▶ [EXERCISE PROMPT]: What you return should be the lines of the data containing "double", each in full.

▶ [PROVIDED DATA]:
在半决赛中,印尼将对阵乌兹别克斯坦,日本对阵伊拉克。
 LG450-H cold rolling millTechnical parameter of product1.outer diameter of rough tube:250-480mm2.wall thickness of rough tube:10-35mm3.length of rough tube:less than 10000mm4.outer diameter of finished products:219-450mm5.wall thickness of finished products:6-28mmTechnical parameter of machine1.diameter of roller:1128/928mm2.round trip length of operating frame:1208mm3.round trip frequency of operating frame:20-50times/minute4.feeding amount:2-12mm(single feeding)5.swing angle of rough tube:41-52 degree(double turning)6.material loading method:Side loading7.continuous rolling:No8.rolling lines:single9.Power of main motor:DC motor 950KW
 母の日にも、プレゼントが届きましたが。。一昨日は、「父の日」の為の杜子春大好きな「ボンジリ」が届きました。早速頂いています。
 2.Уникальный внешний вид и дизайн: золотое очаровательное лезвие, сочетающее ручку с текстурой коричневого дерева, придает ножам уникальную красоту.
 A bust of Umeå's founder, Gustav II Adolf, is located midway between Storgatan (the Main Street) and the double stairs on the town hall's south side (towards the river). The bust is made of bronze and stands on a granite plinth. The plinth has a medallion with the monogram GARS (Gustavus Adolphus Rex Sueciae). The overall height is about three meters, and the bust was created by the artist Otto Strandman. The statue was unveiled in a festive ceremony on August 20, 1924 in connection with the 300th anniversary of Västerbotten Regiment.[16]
...
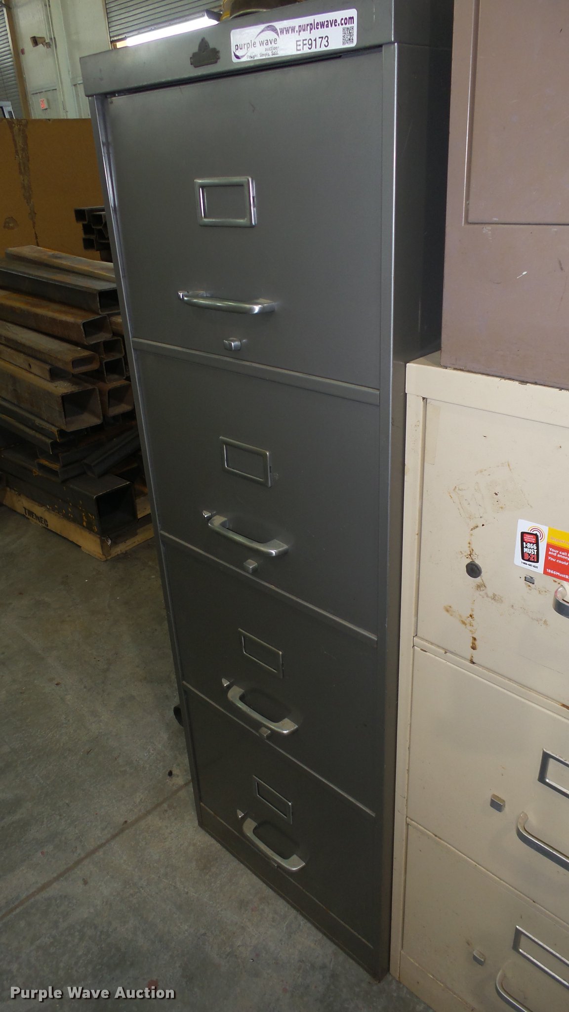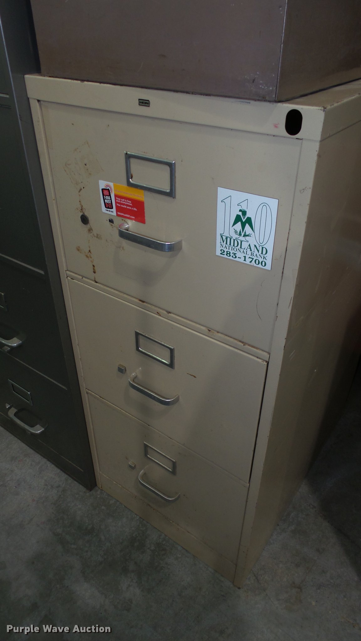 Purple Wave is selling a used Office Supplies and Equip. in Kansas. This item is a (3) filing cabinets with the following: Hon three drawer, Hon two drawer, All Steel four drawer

▶ [RESPONSE]:
 LG450-H cold rolling millTechnical parameter of product1.outer diameter of rough tube:250-480mm2.wall thickness of rough tube:10-35mm3.length of rough tube:less than 10000mm4.outer diameter of finished products:219-450mm5.wall thickness of finished products:6-28mmTechnical parameter of machine1.diameter of roller:1128/928mm2.round trip length of operating frame:1208mm3.round trip frequency of operating frame:20-50times/minute4.feeding amount:2-12mm(single feeding)5.swing angle of rough tube:41-52 degree(double turning)6.material loading method:Side loading7.continuous rolling:No8.rolling lines:single9.Power of main motor:DC motor 950KW
 A bust of Umeå's founder, Gustav II Adolf, is located midway between Storgatan (the Main Street) and the double stairs on the town hall's south side (towards the river). The bust is made of bronze and stands on a granite plinth. The plinth has a medallion with the monogram GARS (Gustavus Adolphus Rex Sueciae). The overall height is about three meters, and the bust was created by the artist Otto Strandman. The statue was unveiled in a festive ceremony on August 20, 1924 in connection with the 300th anniversary of Västerbotten Regiment.[16]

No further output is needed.